Best Friend's Late Boyfriend's Friend: Hey, I still like you, Mandy Moore. Please allow me to hang around morosely and throw pebbles at your window EVERY SINGLE TIME I come over.
Mandy Moore: Well, all right, we can make out and stuff, but this doesn't mean I love you or anything because I HATE LOVE.
[she goes to her SISTER'S FIANCE'S HOUSE with her FAMILY and they all have an AWKWARD DINNER]
Grandma: I'm so high right now!
Mandy Moore: I'm going to the bathroom to smoke, though I have never expressed a desire to smoke cigarettes up to this point.
Allison Janney: What's your deal?
Mandy Moore: WHY IS EVERYTHING ALWAYS ABOUT YOU though I have never once mentioned anything remotely related to this before, ever??!?!?!
[the sister gets WASTED and DESERTED by her friends on the PORCH and reveals that Allison Janney is DOING IT with the COKE DUDE]
Mandy Moore: Auuuughhhh!! I hate you alllllll!!!!
Peter Gallagher [on radio]: Hey there, kids!
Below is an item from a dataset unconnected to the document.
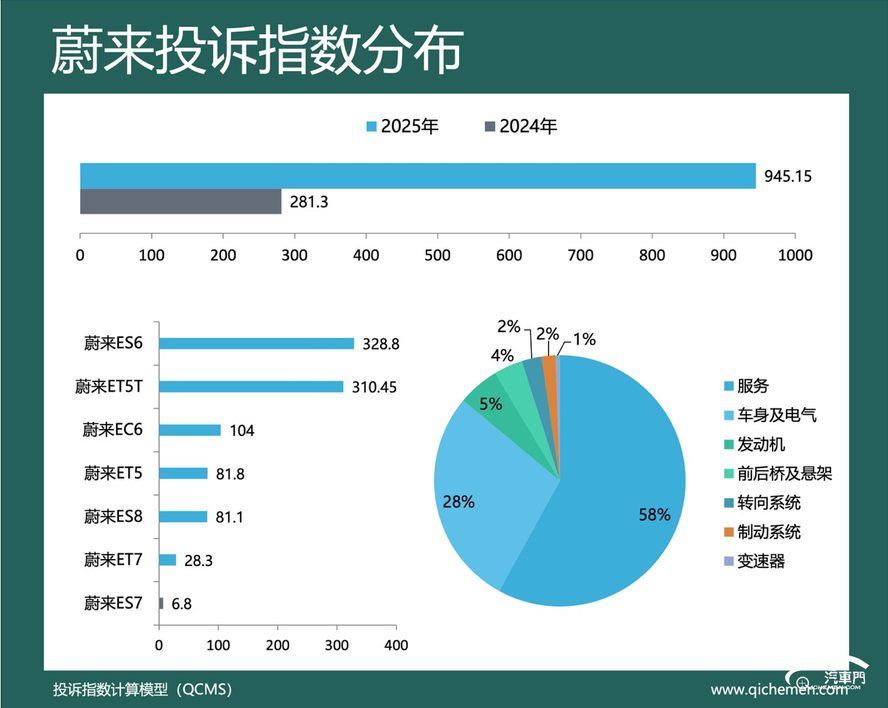 汽车质量投诉点评:蔚来2025年的投诉指数同比上升超两倍,其投诉指数为945.15。短期变相降价、不退订金和驾驶辅助系统故障是蔚来遭到集中投诉的主要原因。其中,短期变相降价问题在去年7月被大量蔚来车主投诉。据蔚来车主反馈,去年4月到5月,蔚来汽车销售人员以“清仓绝版优惠”“新款必涨价”等话术,催促消费者下单蔚来ES6、蔚来EC6等车型。但蔚来汽车却在去年7月宣布降价,导致蔚来汽车部分车型二手车估价缩水数万元。目前,蔚来汽车仍未作出正面回复。

My daughter's getting married today, yet for some reason I am in the studio. Oh, now I see the reason. My other daughter's boyfriend or something has something to say.
Best Friend's Late Boyfriend's Friend: Guess what, Mandy Moore. The rock-throwing isn't working anymore, so I'm on the radio to say: I love you. Suck on that, love-hater.
Best Friend: Dude. Still preggers, guys.
[she goes in to LABOR whilst WALKING to Mandy Moore's sister's WEDDING and is RESCUED by the dead boyfriend's FRIEND]
Best Friend's Late Boyfriend's Friend: Remember how I came to the church and disrupted your sister's wedding to tell you your friend was in labor?
Mandy Moore: That was hot.
[they KISS and everyone looks at the NEWBORN CHILD, who represents REBIRTH, or possibly just BIRTH]

1 comment:

Jason Whittle said...

I was really hoping that I would get to the end of this one and scroll up and see that it was "Sight Unseen". I was hoping that this was the result of your fantastic imagination. I'm kinda sad that this movie exists in real life in the real world.